2027 ICC Men's T20 World Cup Europe Regional Final
- Dates: TBD – 2027
- Administrator: ICC Europe
- Cricket format: Round-robin
- Tournament format: Twenty20 International
- Host: TBD
- Participants: 6
- Matches: 15

= 2027 Men's T20 World Cup Europe Regional Final =

Qualifying tournament for the 2028 T20WC

The 2027 ICC Men's T20 World Cup Europe Regional Final will be a cricket tournament that will form part of the qualification process for the 2028 Men's T20 World Cup.

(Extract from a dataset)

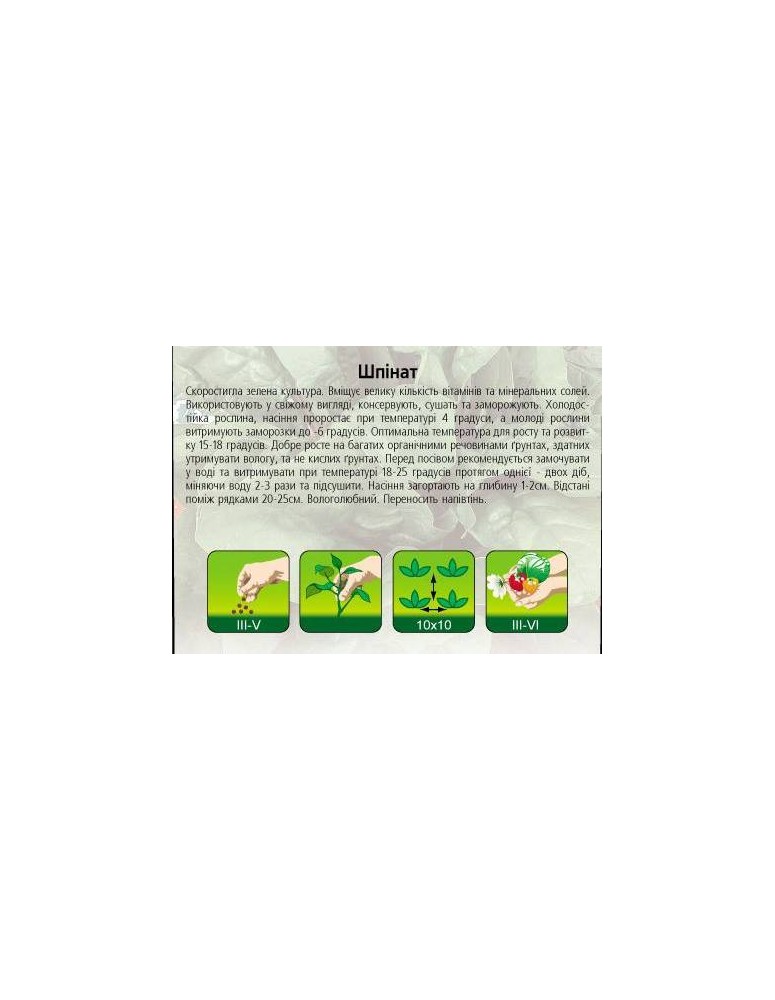Скоростигла зелена культура. Вміщує велику кількість вітамінів та мінеральних солей. Використовують у свіжмому вигляді, консервують, сушать та заморожують. Холодостійка рослина, насіння проростає при температурі 4 градуси, а молоді рослини витримують заморозки до -6 градусів. Оптимальна температура для росту та розвитку 15-18 градусів. Добре росте на багатих органічними речовинами грунтах, здатних утримувати вологу, та не кислих грунтах. Перед посівом рекомендується замочувати у воді і витримувати при температурі 18-25 градусів протягом однієї-двох діб, міняючи воду 2-3 рази і підсушити. Насіння загортають на глибину 1-2 см. Відстань між рядками 20-25 см. Вимогливий до вологи. Переносить напівтінь.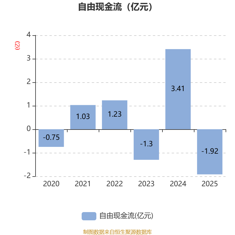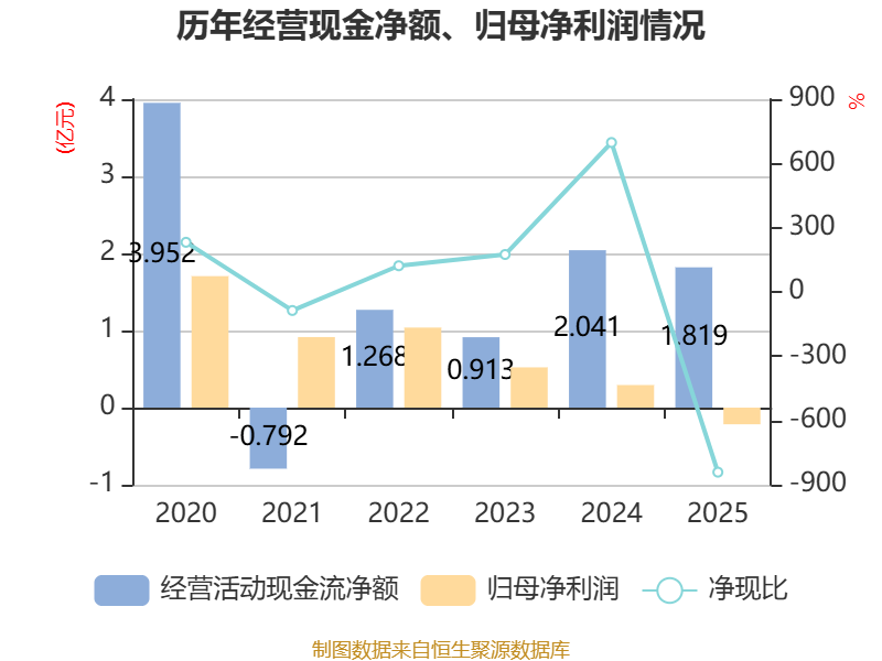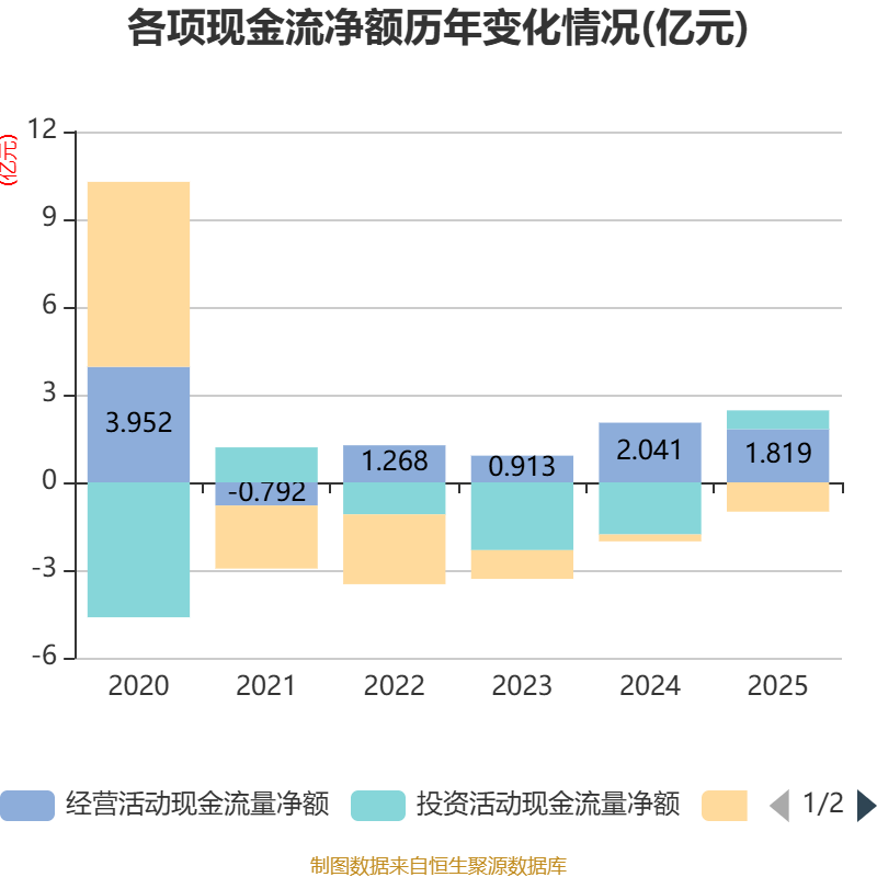 截至2025年,公司经营活动现金流净额为1.82亿元,同比下降10.91%;筹资活动现金流净额-1亿元,同比减少7666.37万元;投资活动现金流净额6430.92万元,上年同期为-1.78亿元。

The top two teams will join Italy and Netherlands as Europe's representatives at the 2028 Men's T20 World Cup Global Qualifier.

England qualified directly for the World Cup as one of the top eight teams from the previous edition, while Ireland qualified directly through ICC Men's T20I Team Rankings.

==Teams and qualification==
The tournament will feature six teams; the two finalists of sub-regional qualifiers A and C along with the winner of qualifier B and Scotland, who received a bye after participating in the 2026 Men's T20 World Cup.

In August 2026, the runners-up of Sub-Regional Qualifiers A and C — Guernsey and Spain, respectively were awarded places in the regional final following a review of the qualification pathway. Initially, only the winners of the two sub-regional qualifiers were set to advance to the regional final stage.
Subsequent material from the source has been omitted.